Humans are Hardwired to Connect

An email came through my inbox today from a colleague whose company is hiring. It said <Company> is looking for a passionate online marketer who has experience in web content creation, website development and social media. This person will help create and deliver a total marketing solution – combining web, social media, and SEO strategies – in a personalized client experience. (The bold is my addition.)

See, now this is the issue. An online-only marketing plan is NOT a total marketing solution and the companies and business people who believe it is may make some money in the short run, but they’re not going to build the relationships necessary to be around for the long term. You must connect with your target market and customers on a more human level. There’s no way around this requirement. It’s why companies such as Zappos, with missions of “providing the best customer service possible” have human customer service reps you can call instead of only allowing you to order online. It’s why they have such rabid fans.

Humans are wired to connect kinesthetically and interpersonally. That hasn’t changed in the past 20, 300 or 5,000 years. Yes, you can and should have online and electronic components to your marketing and sales plans. And for maximum success, you must incorporate traditional offline strategies as well. Pick up the phone. Send a note through snail mail. Have a package delivered.
Why do offline strategies seem so challenging? Is it because actually speaking to someone on the phone creates the opportunity to say something stupid or awkward or wrong? Is it because you are vulnerable to rejection?

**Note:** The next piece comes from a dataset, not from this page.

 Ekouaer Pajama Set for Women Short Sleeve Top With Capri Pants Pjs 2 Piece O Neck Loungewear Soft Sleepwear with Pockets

Sure, having someone say no to you directly might be harder to hear than not getting an email response back, but the upside is so much greater. You could engage in a dialogue – you know, where you ask questions, listen to the answers and offer relevant information based on those responses in real time!

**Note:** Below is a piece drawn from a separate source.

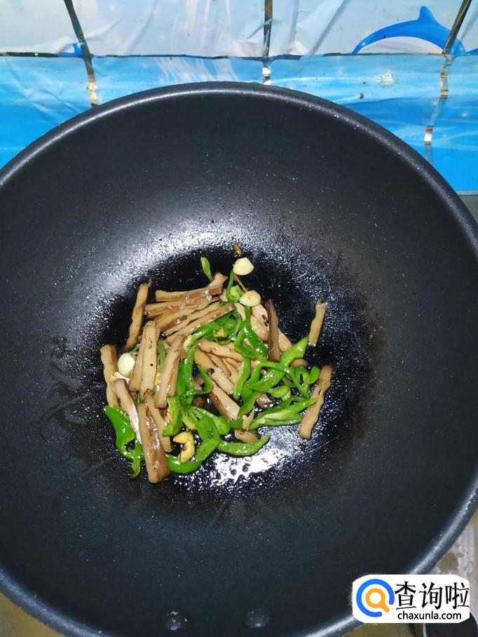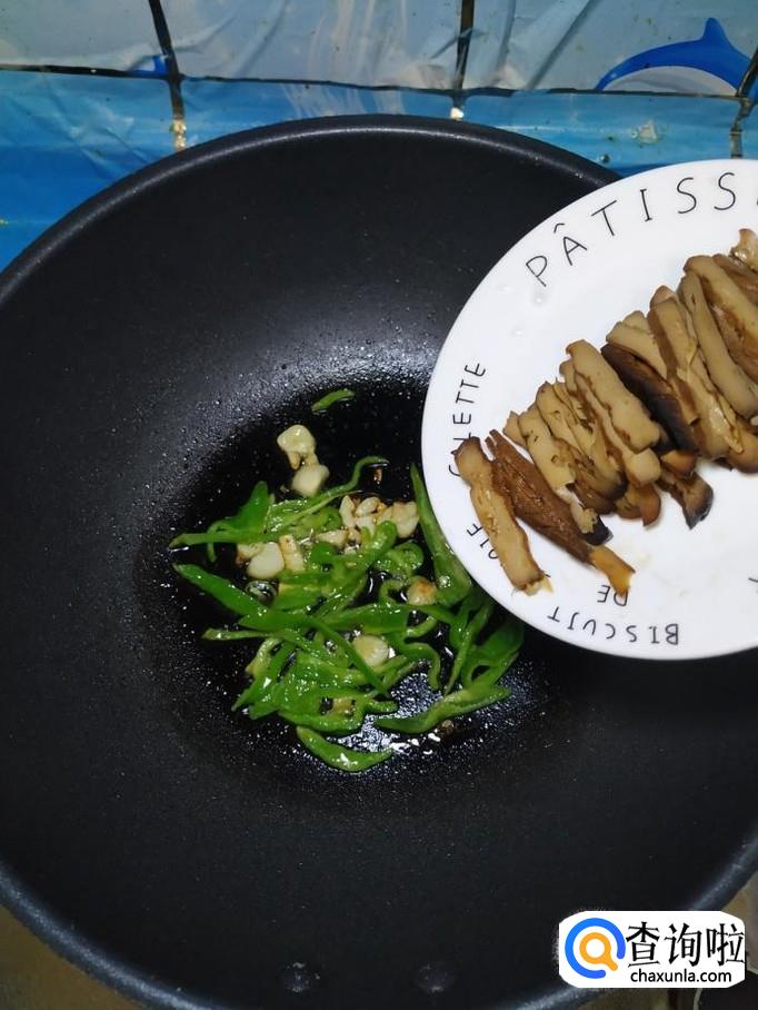 将准备好的豆干条也倒入锅中,与青椒一起翻炒均匀。

Some offer the excuse that offline strategies are more expensive, given that sending something in physical form means you have to pay postage or shipping fees. Perhaps. What’s the value of the relationship to you? Is it a cost or an investment? Would you rather enjoy a delicious meal prepared by an incredible chef or just see a picture online? When you are tired of using electronic marketing as a shield, when you are ready (and hungry), you realize the importance of making a tangible connection to your clients.